Import necessary packages and Define the functions

In [None]:
# import necessary packages
import re # regular expression(re) to formulate patterns.
import PyPDF2 # PyPDF2 to extract information from PDF files to plain text.
import pandas as pd # pandas to store extracted information to data frame data type

# Dictionary of Patterns for each attribute - Define patterns.

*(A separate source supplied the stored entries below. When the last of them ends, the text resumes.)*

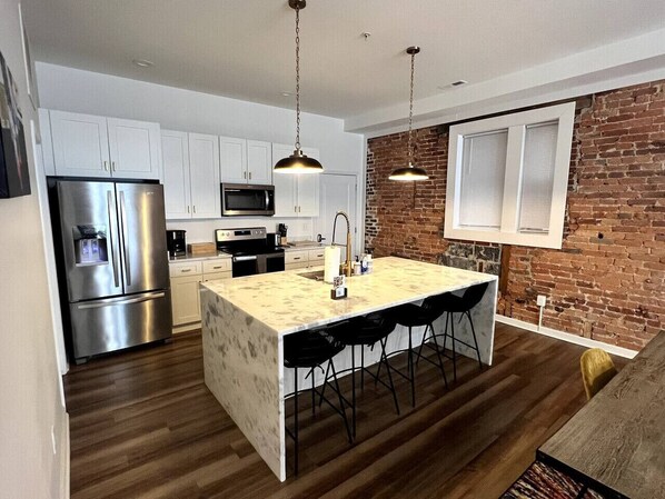 Come stay in the beautiful Kensington Palace Airbnb! This one bedroom, one bathroom apartment with gorgeous brick accents, will make you fall in love the second you walk through the door. It is centrally located in Martinsburg close to all the best shops and restaurants. An easy travel away from breweries, wineries, hiking, tubing, and much more. Free high speed wifi that can take care of all your work or entertainment needs. Monthly parking pass available upon request for long-term stays.
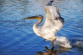 The Dalmatian pelican is one of the species to which the Agreement on the Conservation of African-Eurasian Migratory Waterbirds (AEWA) applies. Conservation efforts have been undertaken on behalf of the species, especially in Europe.[9] Although they normally nest on the ground, Dalmatian pelicans have nested on platforms put out in Turkey, Greece, Bulgaria and Romania in order to encourage them to breed.[5] Rafts over water have also been set up for the species to use in Greece and Bulgaria.[9] Power-lines have also been marked or dismantled in areas adjacent to colonies in these countries. Additionally, water-level management and educational programs may be aiding them at a local level.[9] Although efforts have been undertaken in Asia, there is a much higher rate of poaching, shooting and habitat destruction there, which may make conservation efforts more difficult.[17] In 2012, when unusually frigid winter conditions caused the Caspian Sea to freeze over, it resulted in the death from starvation of at least twenty of the Dalmatian pelicans that overwinter there. Despite local authorities' initial attempts to discourage it, many people there turned out with fish and hand-fed the birds, apparently enabling the huge pelicans to survive the winter.[19]
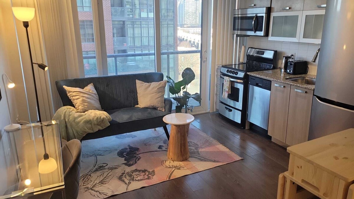 Newly Renovated Condo Just Opposite The Drake Hotel. Very Desirable Queen West Neighbourhood. Walking Distance To Some Of The Best Bars, Restaurants, Art Galleries In The City. 24 Hour Streetcar Right Outside The Front Door. Welcome To Your Furnished Junior 1 Bedroom Condo in Trendy Queen West Recently Voted The 2nd Hippest Area In The World By Vogue Magazine. - Large Balcony with Beautiful View of Lake Ontario - Modern Junior One Bedroom in a New Condo Building, at the Boundary of Three of Toronto's Coolest Neighbourhoods: Liberty Village, King West and Queen West. - Equipped with High-speed Wireless Internet and 40\ x 80\ s: Q: How much is the apartment, what is the total charge for my stay? A: The rate is calculated and displayed on this page when you enter your dates, without need to pay or give credit card info. In addition to the VRBO fee, there are no further charges, no hidden fees, no extra costs, of any kind. What you pay here on this site is all you will pay for the apartment for the nights you have booked. That m arriving early in the morning or late at night, is that ok? A: It t leave dirty dishes or glasses. If you have any further questions, do not hesitate to ask. Guest access - In-Suit Washer and Dryer - Kitchen with Stainless Steel Appliances and Granite Counter top -Amazing balcony Other things to note Whether you ,
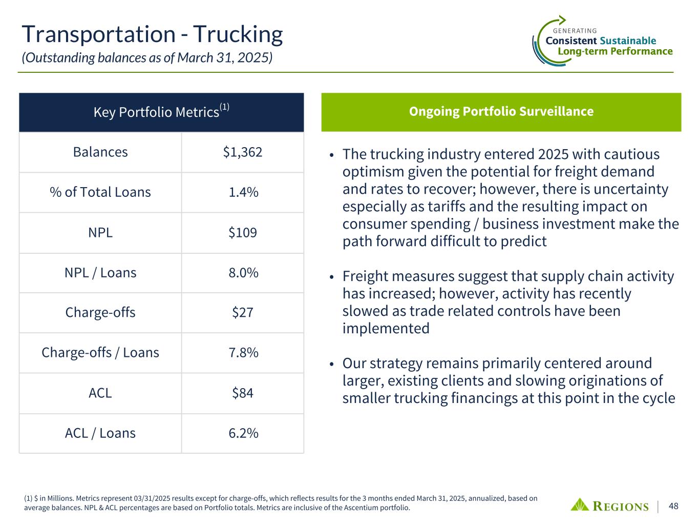 48 Transportation - Trucking (Outstanding balances as of March 31, 2025) (1) $ in Millions. Metrics represent 03/31/2025 results except for charge-offs, which reflects results for the 3 months ended March 31, 2025, annualized, based on average balances. NPL & ACL percentages are based on Portfolio totals. Metrics are inclusive of the Ascentium portfolio. Key Portfolio Metrics(1) Balances $1,362 % of Total Loans 1.4% NPL $109 NPL / Loans 8.0% Charge-offs $27 Charge-offs / Loans 7.8% ACL $84 ACL / Loans 6.2% • The trucking industry entered 2025 with cautious optimism given the potential for freight demand and rates to recover; however, there is uncertainty especially as tariffs and the resulting impact on consumer spending / business investment make the path forward difficult to predict • Freight measures suggest that supply chain activity has increased; however, activity has recently slowed as trade related controls have been implemented • Our strategy remains primarily centered around larger, existing clients and slowing originations of smaller trucking financings at this point in the cycle Ongoing Portfolio Surveillance
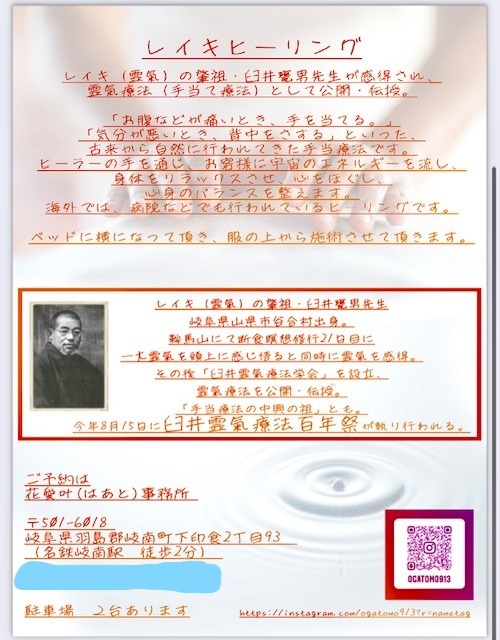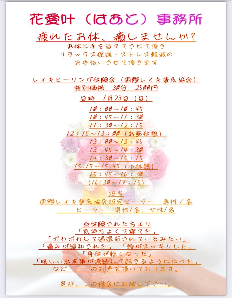 当事務所初の試みです。1月23日(日曜日)にレイキヒーリング体験会を開催させていただきます。当日の担当は、国際レイキ普及協会認定レイキティーチャー1名、レイキティーチャー2名の3名(男性2名、女性1名)で、服の上から手を当てて施術させていただきます。今回は1人30分程度、ベッドが2つあるため、1つの枠に2名様まで、合計最大16名様で募集させていただきます。詳細は写真チラシをご覧ください、体験していただけると、この良さがわかっていただけると思います。ご予約はご質問などは、InstagramのDMもしくはGmailにてお願い致します。愛と癒しの光で満ち足りますように、願いを込めて☆
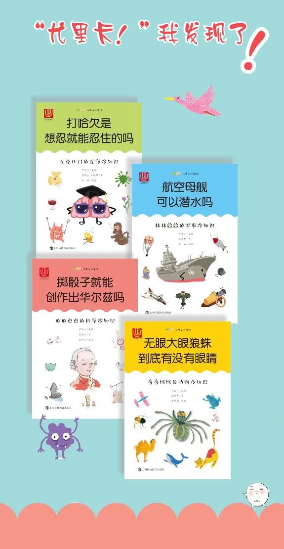 《无眼大眼狼蛛到底有没有眼睛》 施鹤群/著 李梦雪/插图 《掷骰子就能创作出华尔兹吗》 张晓红/著 宫世杰/插图 《打哈欠是想忍就能忍住的吗》 张晓红 施鹤群/著 李田/插图 《航空母舰可以潜水吗》 施鹤群/著 李田/插图 上海科技教育出版社 2019年8月

Note that, if new files are added, check if the pattern is included or not.
PATTERNS = {
    "Product name": [
        r"1\.1 Product identifier\s*:\s*Product name\s*:\s*([^\n]+)",
        r"Product name : ([^P].+?)(?=  Product sheet|$)",
        r"Product name\s*:\s*(\w+\s*®\s*\w+)",
        r"Product name\s*:\s*(.+)(?=\s+Product No)"
        ], # List of Patterns for PRODUCT NAME
    "Chemical": [
        r"Chemical name\s*:\s*(.+)",
        r"\b([A-Z][a-z]+(?:\s[a-z]+)*)\b(?=\s+>=)"
        ], # List of Patterns for CHEMICAL
    "CAS-No.": [
        r"CAS\s*-No.\s*:\s*(.+)",
        r"\b(\d{4,5}\s*-\s*\d{2}\s*-\s*\d{1})\b"
        ], # List of Patterns for CAS-NO.
    "EC-No.": [
        r"EC No.\s*:\s*(.+)",
        r"(Polymer)"], # List of Patterns for EC-NO.
    "Market Segment": [
        r"7\.3 Specific end use\(s\) : (.+?)\s+SECTION",
        r"Identified uses\s*:\s*Uses advised against\s*:\s*(.*?)(?=\s*No data available\.)"
        ], # List of Patterns for MARKET SEGMENT
    "Supplier ID Description": [
        r"Supplier\s*:\s*(.+)"
        ], # Pattern for SUPPLIER
    "UN Code": [
        r"14\.1 UN number : (.+?)\.",
        r"(The product is not covered by international regulation on the transport of dangerous goods (IMDG, IATA, ADR/RID)..)",
        r"(The product is not covered by international regulation on the transport of\s+dangerous goods \(IMDG, IATA, ADR/RID\)\. \.)"
        ], # List of Patterns for UN CODE
    "Hazard": [
        r"(The product has not been classified as dangerous)",
        r"(The product has not been classified as dange rous according to GHS.)",
        r"(The product has not bee n classified as dangerous)"
        ] # List of Patterns for HAZARD (Binary attribute)
}

def extract_text_from_pdf(file_path = str) -> str:
    # Define a function to extract everything from PDF to txt. file
    with open(file_path, "rb") as pdf_file:
        pdf_reader = PyPDF2.PdfReader(pdf_file)
        all_text = [page.extract_text() for page in pdf_reader.pages]
    return "\n".join(all_text)

def search_patterns(patterns = str, text = str) -> str:
    # iterate through all the texts to find patterns listed in the PATTERNS dictionary
    for pattern in patterns:
        match = re.search(pattern, text)
        if match:
            return match.group(1).replace('\n', ' ').strip()
    return "No information found"

def extract_info_from_text(pdf_text = str) -> pd:
    extracted_info = {}
    for attribute, patterns in PATTERNS.items():
        extracted_info[attribute] = search_patterns(patterns, pdf_text)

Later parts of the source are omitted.